She said that sometimes she’ll have time on a Monday morning when the kids go the neighbors for a couple of hours. She’ll go gangbusters on a project. Maybe she’ll begin to write a short story or an outline for a novella. In her head, the entire thing is worked out and complete.
Enter real life.
She’s just past the first page when the phone rings. She needs to pick up one of the kids because one fell and may need stitches. Okay. That day is done. She gets in the car still thinking about the character in her short story…she searches her mind for suitable names.
The kids all pile back into the car while short stories and dreams of writing are put on the back burner.
That evening she snuggles into bed with her youngest to read her a bedtime story. The story is one of heroes and villains. She finds the repetitive nature of the words mesmerizing and rhythmic. She begins to be lulled into the rise and fall only to think a dangerous thought—I could write like this. I could write a children’s story.

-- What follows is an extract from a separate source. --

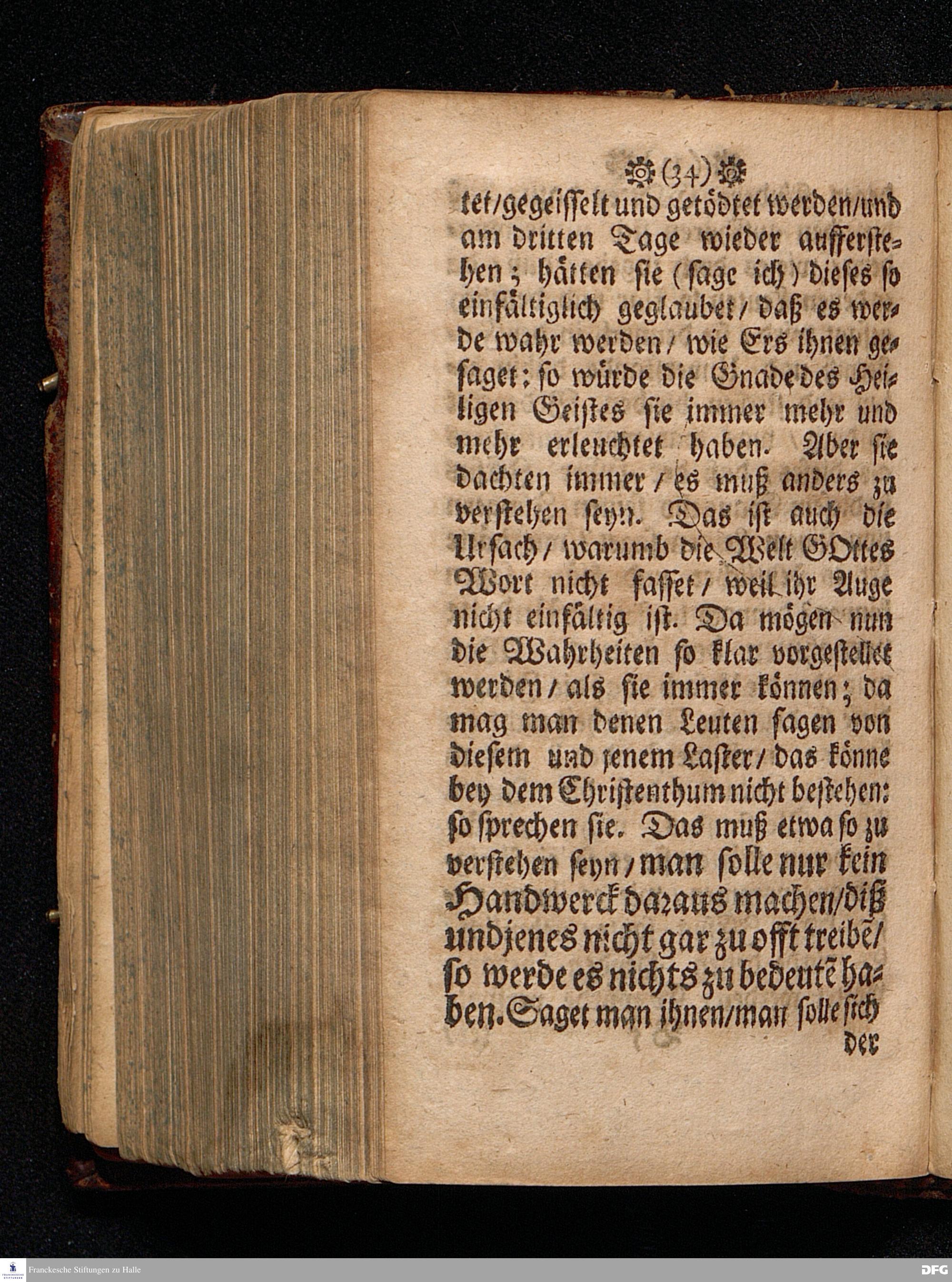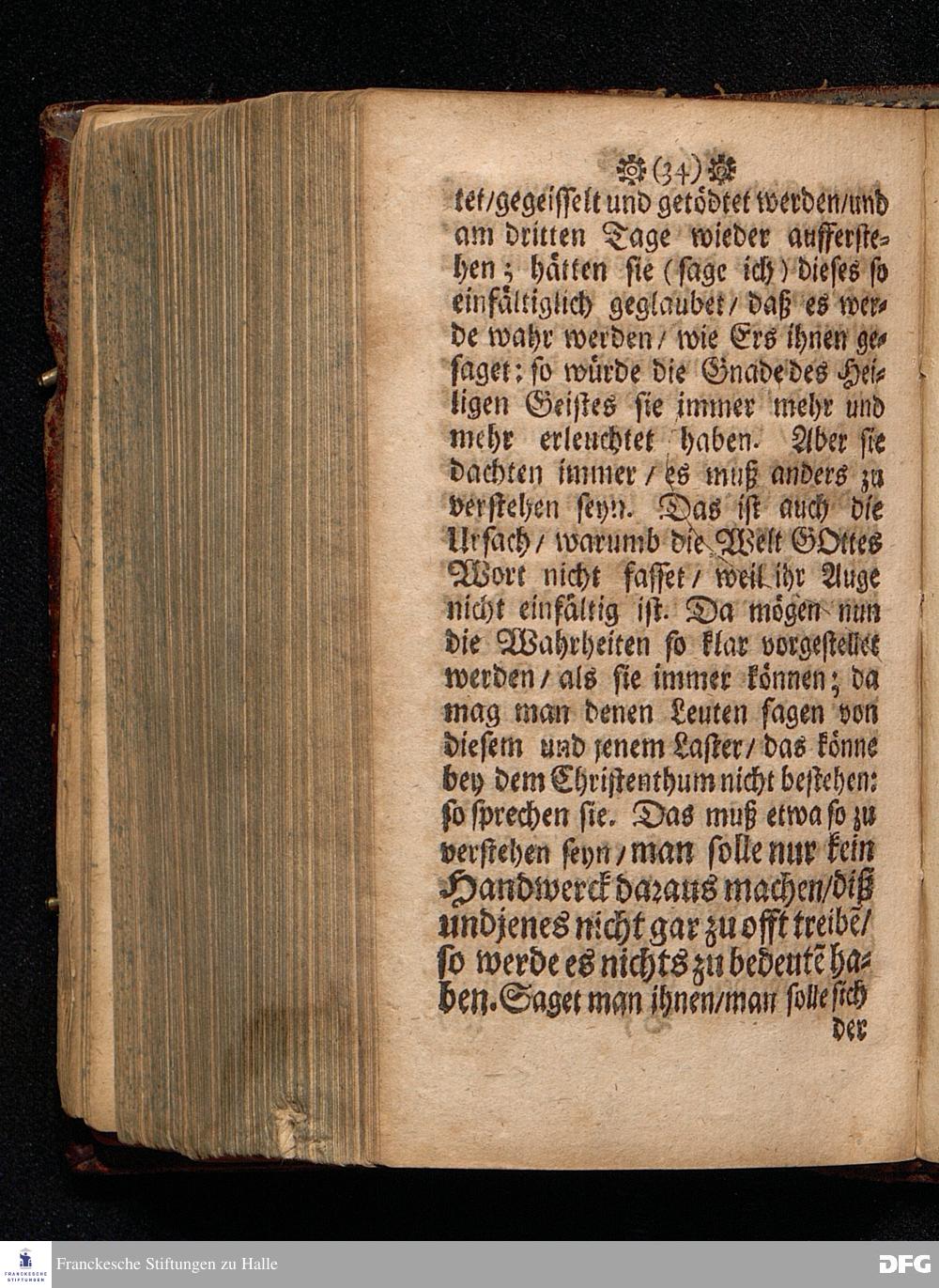Die Lehre von der Erleuchtung / In einer Predigt Uber das Evangelium Luc.XVIII, v.31--43. Am Soñtag Quinquagesimæ Anno 1698. In der St.Georgen=Kirche zu Glaucha an Halle vorgestellet und nun zum andern mal herausgegeben von M.August Hermañ Francken. Druckts Christoph Andreas Zeitler, U.B.

The next morning as the kids play in the yard she turns the page in her notebook from her previous day’s work and she scribbles down some ideas for a children’s story.
For a moment she forgets everything and steps into the characters. They’re strong and capable and always finish their breakfast. Within minutes the kids are storming back in wanting a snack. She tells them the idea for her story but they don’t seem impressed or even seem to care. She’s left wondering.
The rest of the day gets sucked away with laundry, grocery shopping, and cleaning. She steals a few minutes here and there but it doesn’t help.
Weeks go on like this.
Every few days or maybe weeks, she’d start a new project. The energy and enthusiasm were intense and enough to keep her going until distraction pulled her away or boredom set in and her mind meandered along a new and seemingly more interesting path.
Now, don’t get me wrong–some people actually have many projects on the go but are actively moving them forward. The difference here is three kids, very limited time, and a scattered or nonexistent focus.
This woman is incredibly smart, capable, and talented. The problem is that she’s bogged down with the half-finished stuff that amounts to zero. Each time one is abandoned it cries out as a failure or defeat. That takes its toll on your psyche. Things unfinished or abandoned too early can add to the weight of melancholy or hopelessness. It constantly feels like you’re spinning your wheels.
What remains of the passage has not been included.